Text::Ngram version 0.04
==========================

Basis for n-gram analysis

SYNOPSIS
      use Text::Ngram qw(ngram_counts add_to_counts);
      my $text   = "abcdefghijklmnop";
      my $hash_r = ngram_counts($text, 3); # Window size = 3
      # $hash_r => { abc => 1, bcd => 1, ... }

      add_to_counts($more_text, 3, $hash_r);

DESCRIPTION
    n-Gram analysis is a field in textual analysis which uses sliding window
    character sequences in order to aid topic analysis, language
    determination and so on. The n-gram spectrum of a document can be used
    to compare and filter documents in multiple languages, prepare word
    prediction networks, and perform spelling correction.

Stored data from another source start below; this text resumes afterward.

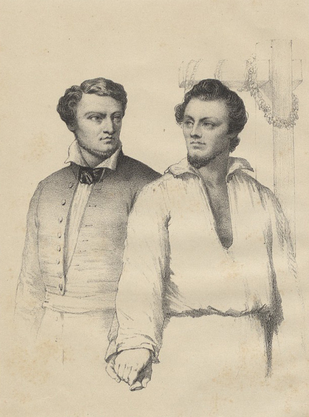 Паўстанцы Міхал Валовіч і Артур Завіша каля шыбеніцы, гравюра М. Ходзькі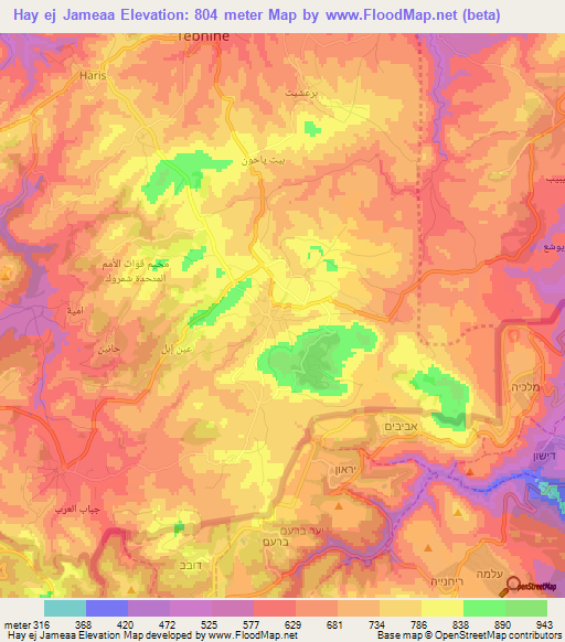 Below is the Elevation map of Hay ej Jameaa,Lebanon, which displays range of elevation with different colours.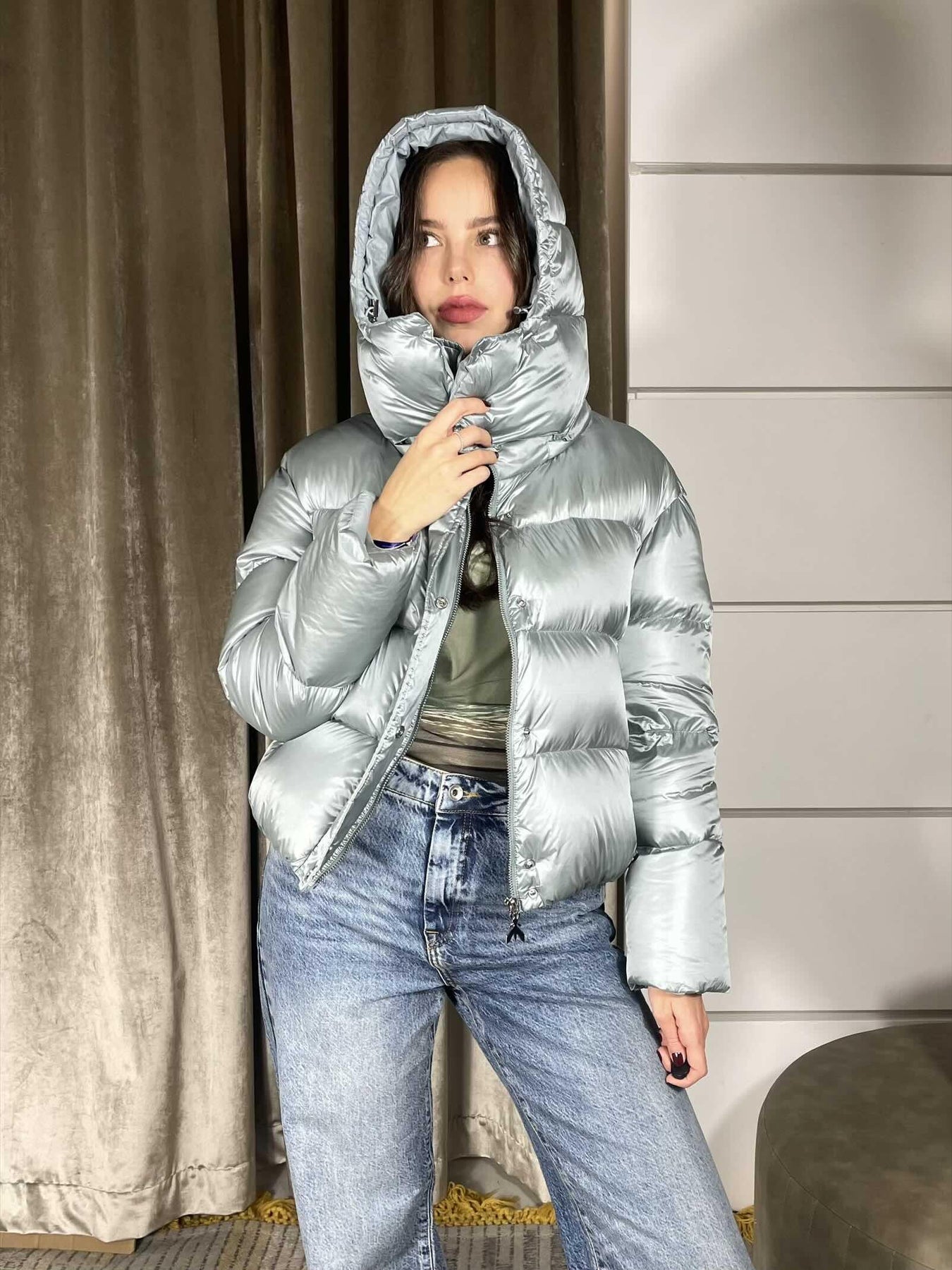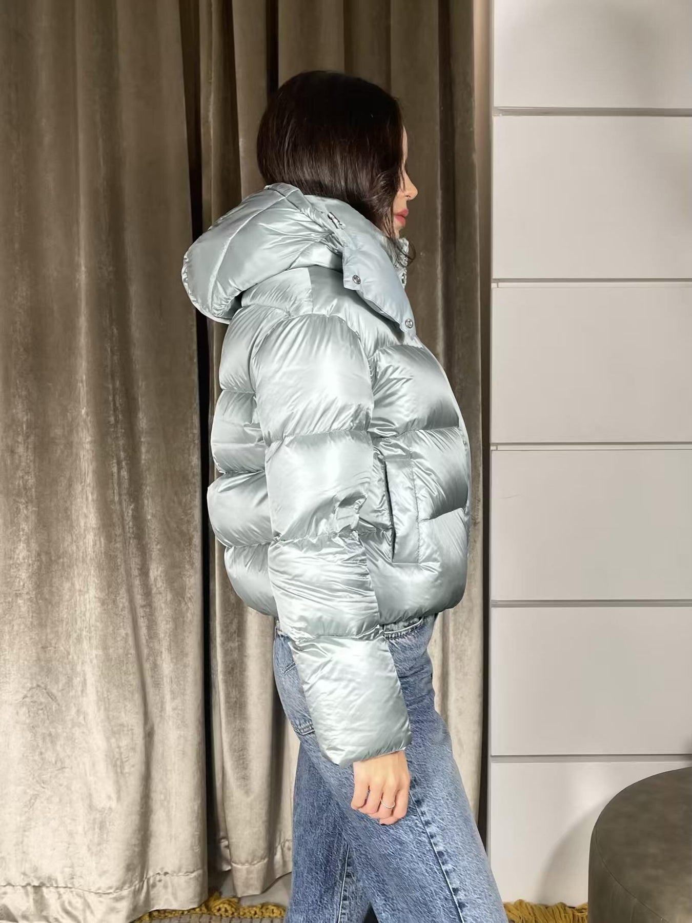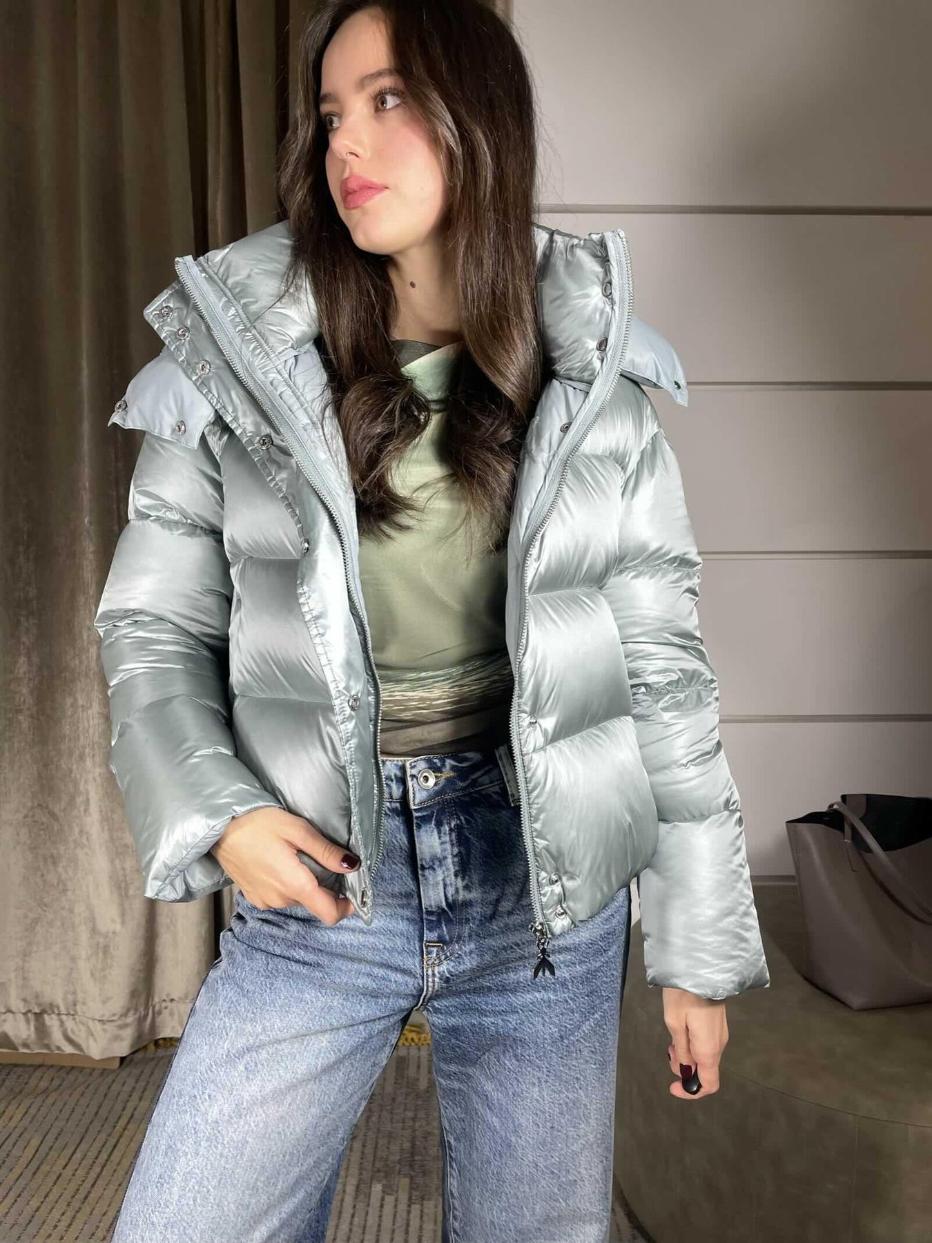 Piumino imbottito di Pinko, color verde chiaro, con cappuccio removibile, ultraleggero ma caldo. Chiusura con zip e bottoni automatici. Manica lunga. La modella indossa la tg. 40 ed è alta 1,72m. Composizione: Tessuto principale: 100% PoliammideImbottitura principale: 90% Piumino D'anatra, 10% Piuma D'anatra

    The neat thing about n-grams, though, is that they're really easy to
    determine. For n=3, for instance, we compute the n-gram counts like so:

        the cat sat on the mat
        ---                     $counts{"the"}++;
         ---                    $counts{"he "}++;
          ---                   $counts{"e c"}++;
           ...

    This module provides an efficient XS-based implementation of n-gram
    spectrum analysis.

    There are two functions which can be imported:

        $href = ngram_counts($text[, $window]);

    This first function returns a hash reference with the n-gram histogram
    of the text for the given window size. If the window size is omitted,
    then 5-grams are used. This seems relatively standard.

        add_to_counts($more_text, $window, $href)

    This incrementally adds to the supplied hash; if $window is zero or
    undefined, then the window size is computed from the hash keys.

Important note on text preparation
    Most of the published algorithms for textual n-gram analysis assume that
    the only characters you're interested in are alphabetic characters and
    spaces. So before the text is counted, the following preparation is
    made.

    All characters are lowercased; (most papers use upper-casing, but that
    just feels so 1970s) punctuation and numerals are replaced by stop
    characters flanked by blanks; multiple spaces are compressed into a
    single space.

    After the counts are made, n-grams containing stop characters are
    dropped from the hash.

    If you prefer to do your own text preparation, use the internal routines
    "process_text" and "process_text_incrementally" instead of
    "count_ngrams" and "add_to_counts" respectively.

SEE ALSO
    Cavnar, W. B. (1993). N-gram-based text filtering for TREC-2. In D.
    Harman (Ed.), *Proceedings of TREC-2: Text Retrieval Conference 2*.
    Washington, DC: National Bureau of Standards.

    Shannon, C. E. (1951). Predication and entropy of printed English. *The
    Bell System Technical Journal, 30*. 50-64.

    Ullmann, J. R. (1977). Binary n-gram technique for automatic correction
    of substitution, deletion, insert and reversal errors in words.
    *Computer Journal, 20*. 141-147.

AUTHOR
    Maintained by Jose Castro, C<cog@cpan.org>.
    Originally created by Simon Cozens, C<simon@cpan.org>.

COPYRIGHT AND LICENSE
    Copyright 2004 by Jose Castro
    Copyright 2003 by Simon Cozens

    This library is free software; you can redistribute it and/or modify it
    under the same terms as Perl itself.